Goal of the exercise: Starting with the line that has "4、长按屏幕可控制小马进行更加长距离的跳跃;" in the records below and ending with the line that has "SILVER LINK CHAIN ANKLET WITH BUTTERFLIES", output those lines exactly and nothing more; omit the pictures.

Extracted entries:
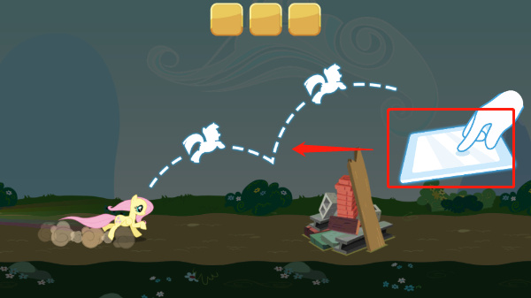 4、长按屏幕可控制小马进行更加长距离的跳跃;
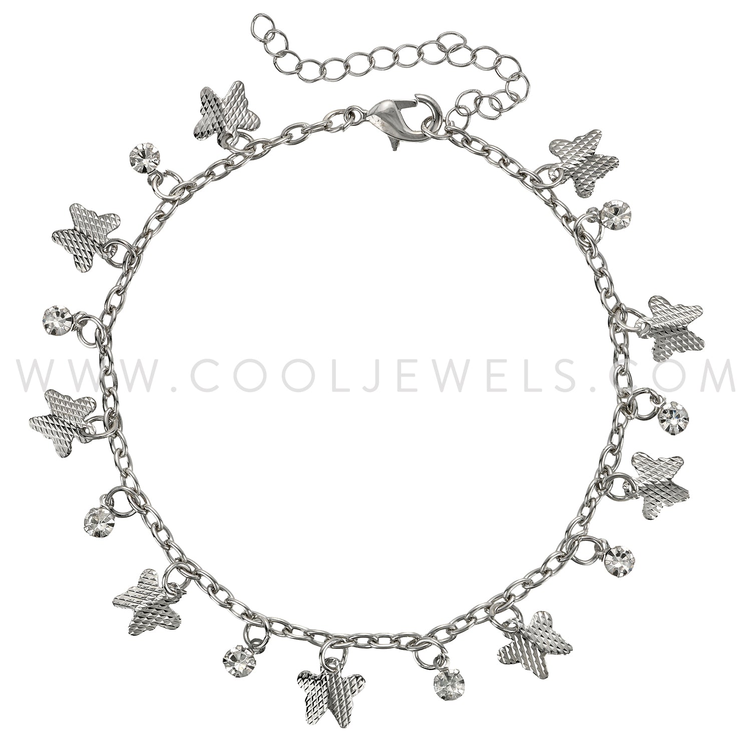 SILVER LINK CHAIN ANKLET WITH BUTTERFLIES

--

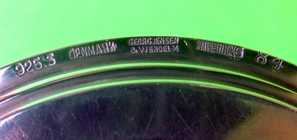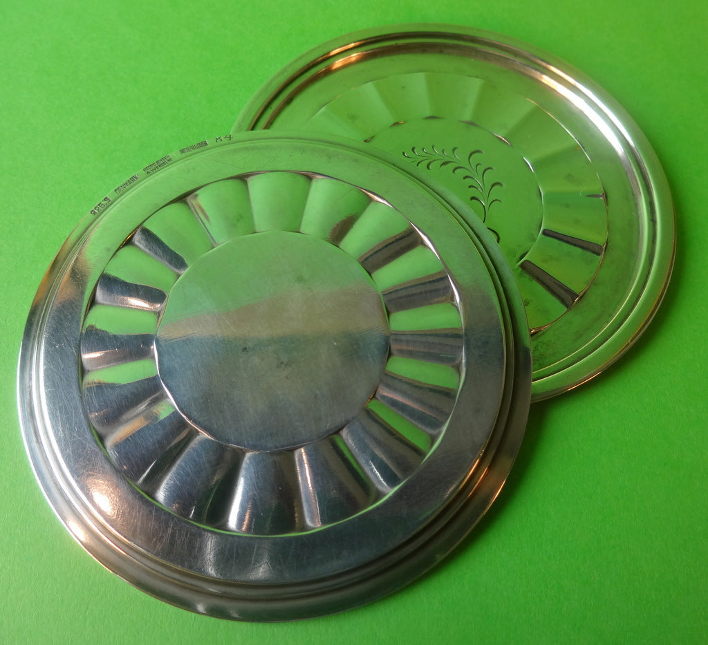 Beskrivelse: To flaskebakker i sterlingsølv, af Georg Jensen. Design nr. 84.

* * *

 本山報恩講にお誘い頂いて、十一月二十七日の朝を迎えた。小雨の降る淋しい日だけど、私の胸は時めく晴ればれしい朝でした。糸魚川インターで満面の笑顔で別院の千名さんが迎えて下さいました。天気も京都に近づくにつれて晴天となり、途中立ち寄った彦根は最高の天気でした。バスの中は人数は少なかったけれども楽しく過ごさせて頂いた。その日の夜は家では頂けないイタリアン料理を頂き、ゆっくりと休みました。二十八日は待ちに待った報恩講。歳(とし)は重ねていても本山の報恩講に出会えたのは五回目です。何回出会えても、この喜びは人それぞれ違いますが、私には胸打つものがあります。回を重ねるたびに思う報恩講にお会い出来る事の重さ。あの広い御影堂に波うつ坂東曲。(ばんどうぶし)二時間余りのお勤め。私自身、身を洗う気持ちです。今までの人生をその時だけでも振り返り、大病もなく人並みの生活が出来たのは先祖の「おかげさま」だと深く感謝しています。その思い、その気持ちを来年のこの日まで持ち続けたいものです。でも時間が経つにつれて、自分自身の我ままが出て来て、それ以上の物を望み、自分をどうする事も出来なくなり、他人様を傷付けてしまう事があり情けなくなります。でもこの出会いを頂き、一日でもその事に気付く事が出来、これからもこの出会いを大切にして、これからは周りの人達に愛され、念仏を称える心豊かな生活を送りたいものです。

Output:
 4、长按屏幕可控制小马进行更加长距离的跳跃;
 SILVER LINK CHAIN ANKLET WITH BUTTERFLIES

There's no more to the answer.